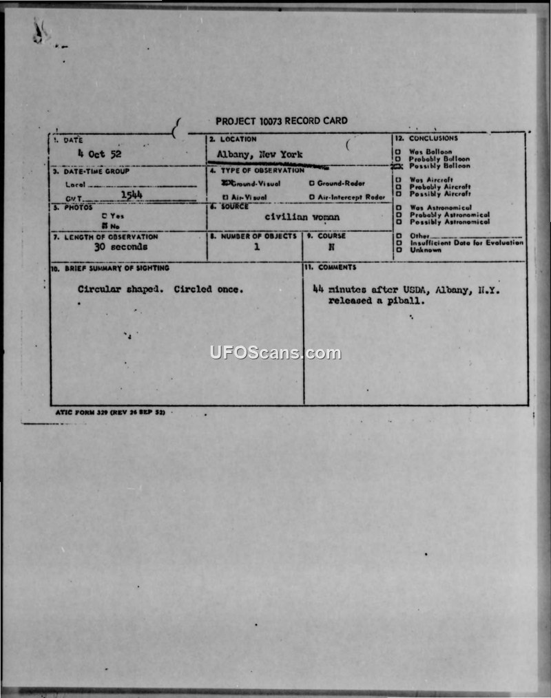 A civilian in Albany, NY, reported a circular, fast-moving object on October 4, 1952. Military authorities concluded the object was likely a pilot balloon released by the USDA 44 minutes earlier.
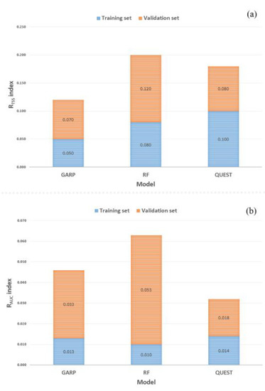 Model robustness results according to the two different evaluation criteria are presented in Figure 9. There were only slight variations in these results following changes in the training and validation samples. Therefore, it can be concluded that all three models were stable and robust in both the training and validation steps. However, as can be seen in Figure 9a, the stability of GARP (RTSS = 0.070) was slightly better than that of QUEST (RTSS = 0.080) and RF (RTSS = 0.120). As shown in Figure 9b, QUEST (RAUC ≥ 0.018) displayed high stability and robustness, while GARP (RAUC = 0.033) and RF (RAUC = 0.053) showed slight asymmetry in their results. In terms of both RTSS and RAUC, RF showed lower stability than the other models.
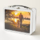 This is a standard metal lunchbox that appears to work just fine. We designed this box ourselves with an uploaded photo and custom text on the front and back. It looks absolutely beautiful except the front of the lunchbox is not centered like it shows in the photo. The print borders don't align with the inset flat part of the box where the preview photo online showed it perfectly centered in there. The back looks nice and centered though.
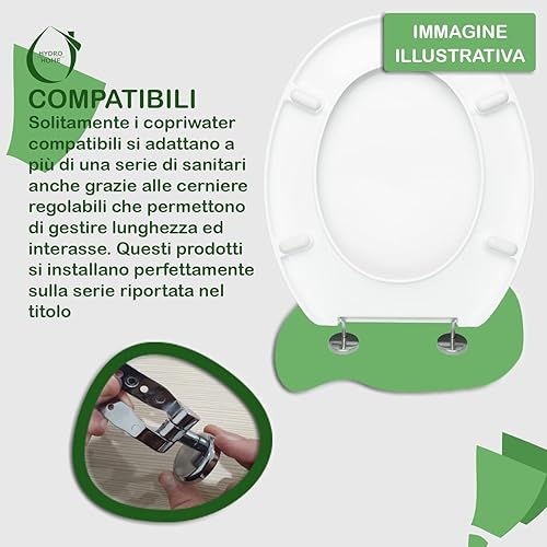 Copriwater Dolomite Fleo Compatibile, Tavoletta Wc In Plastica Termoindurente Con Cerniere Regolabili,Asse Wc Colore Bianco MADE IN ITALY
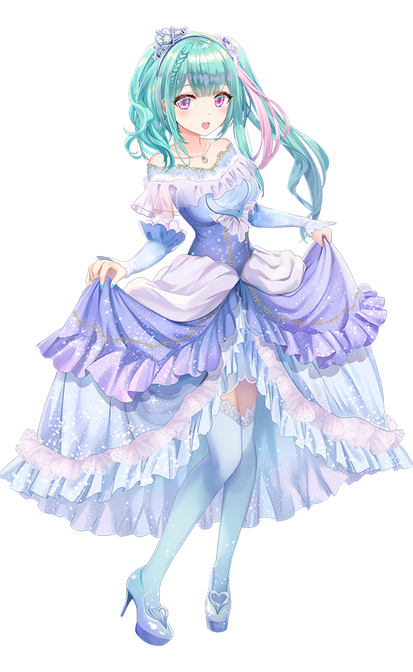 1girl aqua_hair blue_dress blush dress full_body high-low_dress high_heels holding_own_dress lace long_hair mizuki_elsha multicolored_hair nekonote_(vtuber) off-shoulder_dress off_shoulder official_art open_mouth pink_hair purple_eyes second-party_source short_braid side_ponytail thighhighs tiara torino_aqua transparent_background virtual_youtuber
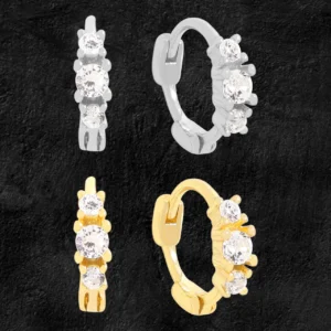 - Color: Available in both shimmering silver-toned and radiant gold-toned finishes, each piece features a trio of brilliant-cut, clear cubic zirconia stones that reflect light with captivating sparkle, reminiscent of the night sky’s celestial shimmer.
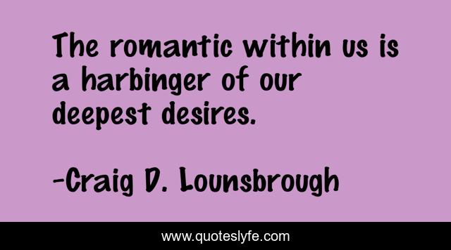 This page presents the quote "The romantic within us is a harbinger of our deepest desires.". Author of this quote is Craig D. Lounsbrough. This quote is about desire, core, harbinger, love, romantic, desires, heart, soul, romance,.
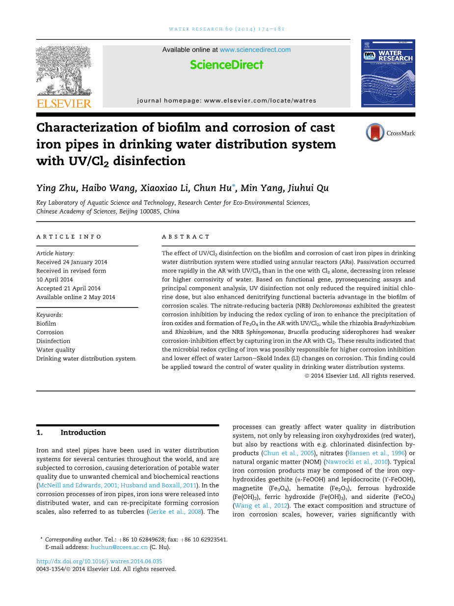 铸铁管在紫外/氯气消毒的饮用水系统中的腐蚀和生物膜特性
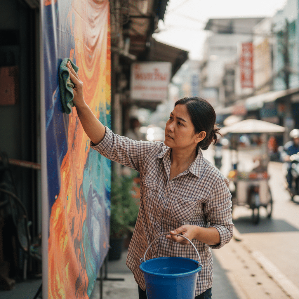 การทำความสะอาดเป็นขั้นตอนพื้นฐานแต่สำคัญอย่างยิ่งใน วิธีดูแลป้ายไวนิล เพื่อให้สีสันคงความสดใสและทนทานต่อสภาพอากาศที่รุนแรง การขจัดคราบฝุ่นละออง มลภาวะ หรือคราบสกปรกอื่นๆ ออกไปไม่เพียงแต่ทำให้ป้ายดูใหม่อยู่เสมอ แต่ยังช่วยป้องกันการสะสมของสิ่งสกปรกที่อาจทำปฏิกิริยากับวัสดุและแสงแดดจนเกิดเป็นคราบฝังแน่นที่ทำความสะอาดยากในอนาคต

• _TASK OBJECTIVE_
Beginning with the line that contains "- Color: Available", write out the remaining lines of the listing above through the last, exactly and only those, without pictures.

• _FINISHED EXERCISE_
 - Color: Available in both shimmering silver-toned and radiant gold-toned finishes, each piece features a trio of brilliant-cut, clear cubic zirconia stones that reflect light with captivating sparkle, reminiscent of the night sky’s celestial shimmer.
 This page presents the quote "The romantic within us is a harbinger of our deepest desires.". Author of this quote is Craig D. Lounsbrough. This quote is about desire, core, harbinger, love, romantic, desires, heart, soul, romance,.
 铸铁管在紫外/氯气消毒的饮用水系统中的腐蚀和生物膜特性
 การทำความสะอาดเป็นขั้นตอนพื้นฐานแต่สำคัญอย่างยิ่งใน วิธีดูแลป้ายไวนิล เพื่อให้สีสันคงความสดใสและทนทานต่อสภาพอากาศที่รุนแรง การขจัดคราบฝุ่นละออง มลภาวะ หรือคราบสกปรกอื่นๆ ออกไปไม่เพียงแต่ทำให้ป้ายดูใหม่อยู่เสมอ แต่ยังช่วยป้องกันการสะสมของสิ่งสกปรกที่อาจทำปฏิกิริยากับวัสดุและแสงแดดจนเกิดเป็นคราบฝังแน่นที่ทำความสะอาดยากในอนาคต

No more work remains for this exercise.